Zgustova does a good job rendering each woman’s story as a clear and coherent narrative. Chapters are often framed with short introductions describing the woman’s apartment or her interactions with Zgu-stova. At times, Zgustova’s voice interrupts the flow of a woman’s story to add additional reflections or information, but often the women appear to speak without interruption. Whole documents (letters, poems, the texts of songs) are at times interpolated into the text. As this description perhaps suggests, Dressed for a Dance in the Snow contains carefully constructed historical narratives as opposed to raw interviews. This makes for a readable text, but it may frustrate some specialists: it is never clear when a survivor’s words are transmitted exactly and when a story has been reworked or paraphrased. In some places the translation obscures details that may matter to a specialist. Names of specific Soviet institutions are sometimes rendered in such an odd way that it is hard to understand what exactly is meant (e.g., “The School of History and Documentation”—apparently a translation of Istoriko-arkhivnyi institut). Such translation issues may reflect the fact that Russian terms and names were translated into Spanish by Zgustova before being rendered into English for us by Julie Jones. By and large, Zgustova seems to take an uncritical attitude to her source material: she does not reflect on larger problems of memory or explicitly consider the ways in which time, repeated retellings, and the influence of published memoirs by other survivors may have shaped the stories of those she interviewed. 

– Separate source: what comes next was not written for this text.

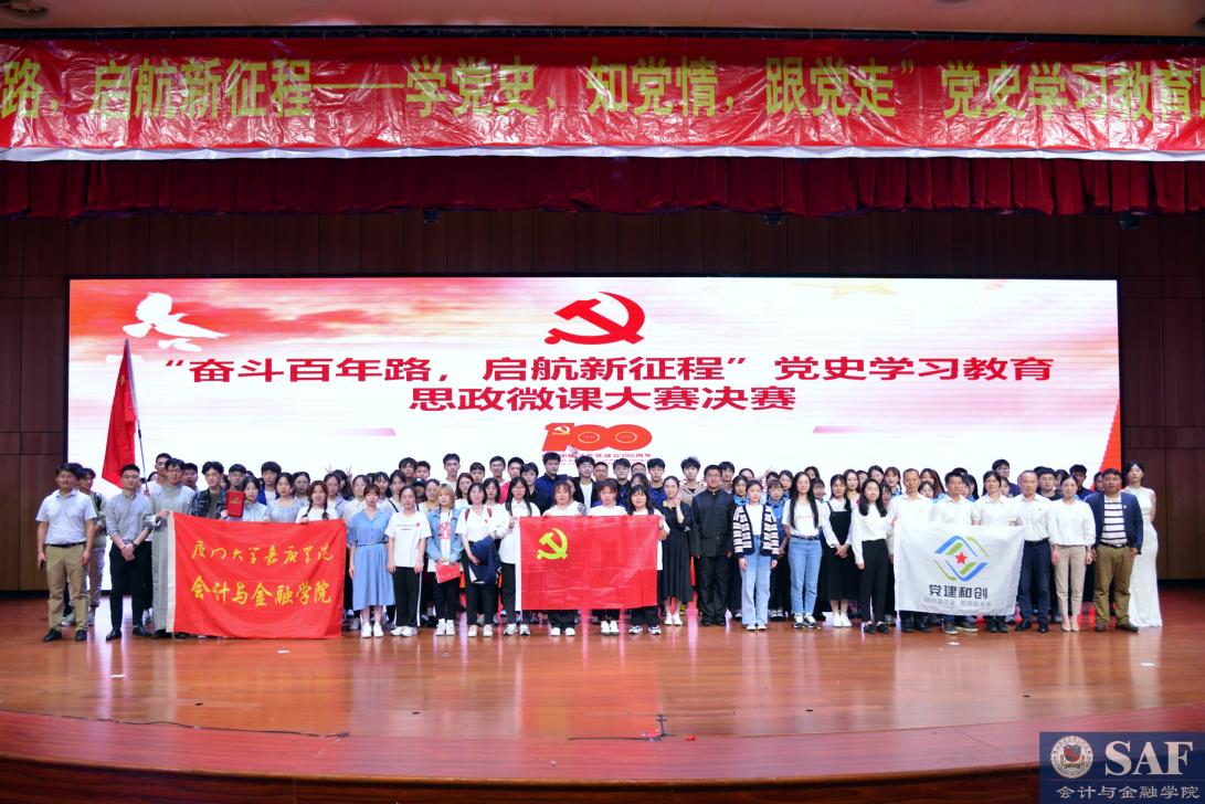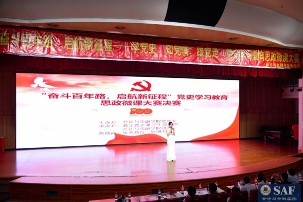 本次大赛以“奋斗百年路,启航新征程—学党史,知党情,跟党走”为主题,通过初心使命篇、艰苦奋斗篇、筑梦新时代篇三个篇章打造富有引领性、成长性、生动性的思政微课,全力营造党史学习教育的氛围,引导青年学生们铭记党史,努力学习科学文化知识,练就过硬本领,用青春谱写时代华章。至此,会计与金融学院“奋斗百年路,启航新征程”思政微课大赛圆满落幕。

Dressed for a Dance in the Snow may seem less novel to English-language readers than it did to readers of Zgustova’s original Spanish-language text just because so much material has been published in English in recent decades on the experience of women in Soviet labor camps. The wonderful volume edited by Simeon Vilensky, Till My Tale Is Told: Women’s Memoirs of the Gulag (1999), Unforced Labors: The Memoirs of Ada Federolf and Selected Prose of Ariadna Efron, edited by Diane Nemec Ignashev (2006), and Memoir of a Gulag Actress, by Tamara Petkevich (2010) all overlap in certain respects with Zgustova’s material. They also all offer more exact translations of source material directly from Russian as well as helpful biographical notes and/or an extensive scholarly apparatus.

Dressed for a Dance in the Snow, however, provides a poignant introduction to the topic of women in the Gulag for general readers. In each of the nine stories, we see a life interrupted and survival under the most horrifying circumstances. Zgustova notes that although the survivors she interviewed “remembered their years in captivity with horror,” many also told her that “their lives would have been incomplete without that experience.” Certainly, Dressed for a Dance in the Snow shows us how nine women persevered in the face of terrible odds.